The key thing to remember with whatever kind of workout/set and rep scheme you are doing is that to force adaptation to the exercise you need to be taking the muscle to a point where you are exherting significant effort, or causing overall failure.

That's the main thing, but remember also that not all forms of training will result in the same kind of adaptation, and the more high rep you go (either in a single set or by use of tri sets or drop sets), the more failure is induced not so much by stimulating the big fast twitch muscle fibres, but rather by build up of localised acidity (due to the metabolism of pyruvate and lactate) interfering with nerve conductivity and neuromuscular control. In this situation, adaptation will lead more towards developing better muscular endurance than towards mass and strength gain (although you will gain some size and strength).

There's nothing wrong with building up muscular endurance, is a very positive physical trait to have and it enables more intense training, but if your main focus is mass or strength gain then trisets alone are not optimum I don't think for that particuar goal.

A good approach for the natural trainier that leads to all round development that includes both muscular endurance and strength and size focused work is to alternate reps each time you train a bodypart - one session train in the low to medium rep range (1 to 10 reps per set), and then next session go for higher rep single sets or drop sets or supersets/tri sets etc.


----------



## maxie (Jan 31, 2011)

I would pick one exercise some kind of bench press,work hard at it and build the weight up doing straight sets.

Trisets and volume training of any kind never done anything for me


----------



## Milky (Nov 30, 2008)

This will sound quite anal but IMO you have to concentrate on the muscle your working, if your not feeling it you change / adapt what your doing till you can. It can be as simple as just changing position slightly from my experience mate.


----------



## RickMiller (Aug 21, 2009)

Pump is important to create further stretching of the sarcolemma, but it isn't the be-all and end-all. The main thing to focus on is progressive overload, as the others have stated find an exercise that you can progress safely and consistently in strength. Vary your volume and intensity to prevent CNS fatigue and stalling (e.g. make sure you deload) and the gains will come with time.


----------



## Moonbeam (Jul 20, 2011)

Well have been doing incline and decline previously but feel more of a workout from flys and press ups. Seem to get more of a muscle and mind thing going on. Currently doing this as follows

mon

bench press 3x5 heavy

squat 3x5 heavy

deadlift 3x5 heavy

wed

Dips 4x8 weighted

pull ups 4x8 weighted

deadlift 3x5 heavy

fri

same as monday

All working good but chest lagging a lil


----------



## NoGutsNoGlory (Jun 11, 2009)

Whoa there horsey!!!

Squats, bench and deads on the same day. Bonkers. And doing it twice a week.

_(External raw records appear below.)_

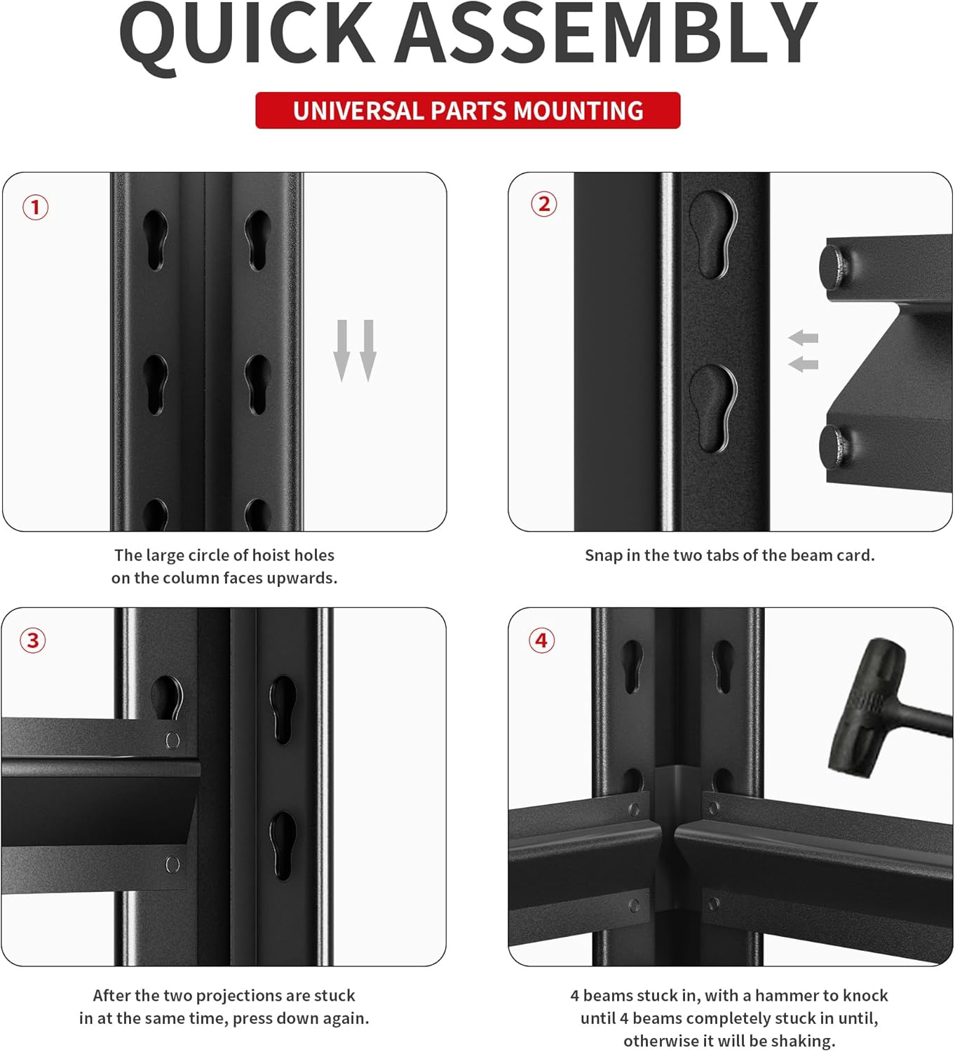 - 🍖【Quick & Easy Assembly】Assembling this storage shelving unit is a breeze! With clear instructions and minimal tools required, you’ll have this shelf organizer set up in no time, making it an effortless addition to your garage or workshop.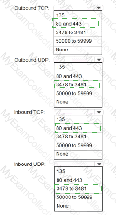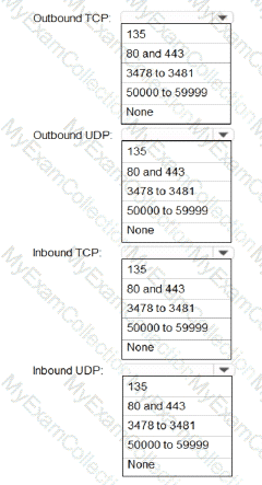 Which inbound and outbound ports should you recommend? To answer, select the appropriate options in the answer area.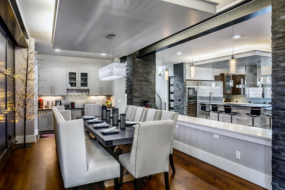 A combination of natural stone vibes and a sleek modern style makes this pony wall a perfect addition to this dining room.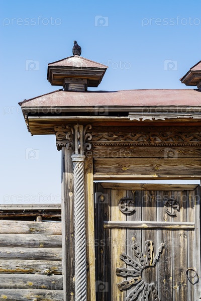 Фрагмент старых резных деревянных ворот загородного дома. Челябинская область, Россия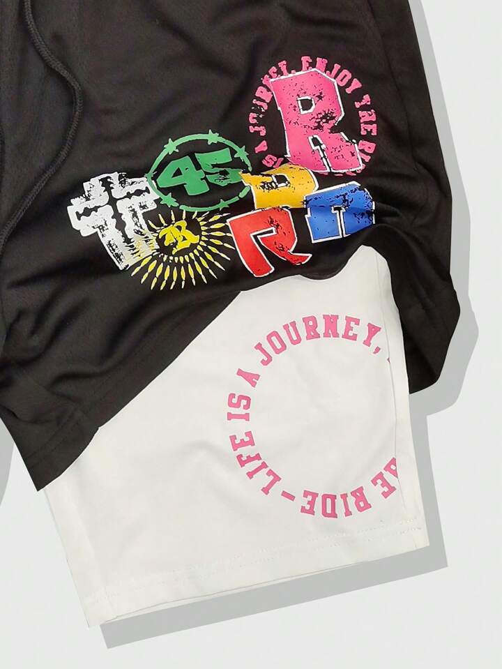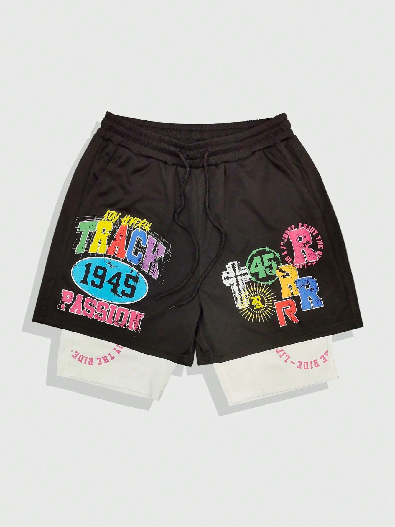 Prep Short décontracté à taille coulissante avec imprimé lettres, double couche, pour homme

Seriously need to go back to the drawing board.

Chest/bi's

Back/Tri's

Legs and shoulders


----------



## Moonbeam (Jul 20, 2011)

Its fine, been doing split for ages and stopped gaining. So going back to basics for a bit. It seems to work for me


----------



## flinty90 (Jul 1, 2010)

mikeyc_nhfh said:


> Its fine, been doing split for ages and stopped gaining. So going back to basics for a bit. *It seems to work for me[*/QUOTE]
> 
> so are you asking advice then mate or just telling us what your doing ???


----------



## retro-mental (Dec 2, 2010)

mikeyc_nhfh said:


> Its fine, *been doing split for ages and stopped gaining*. So going back to basics for a bit. It seems to work for me


Sounds to me like you have hit the nail on the head. If you been doing it for ages and stopped gaining then change what your doing.

decline bench for a bit and see how you get on. Change the grip on the bar slightly and position of your arms / elbows


----------



## Moonbeam (Jul 20, 2011)

flinty90 said:



> Well yeh, just trying to see what works best for others and what info I can grab to influence my workouts a bit more.


----------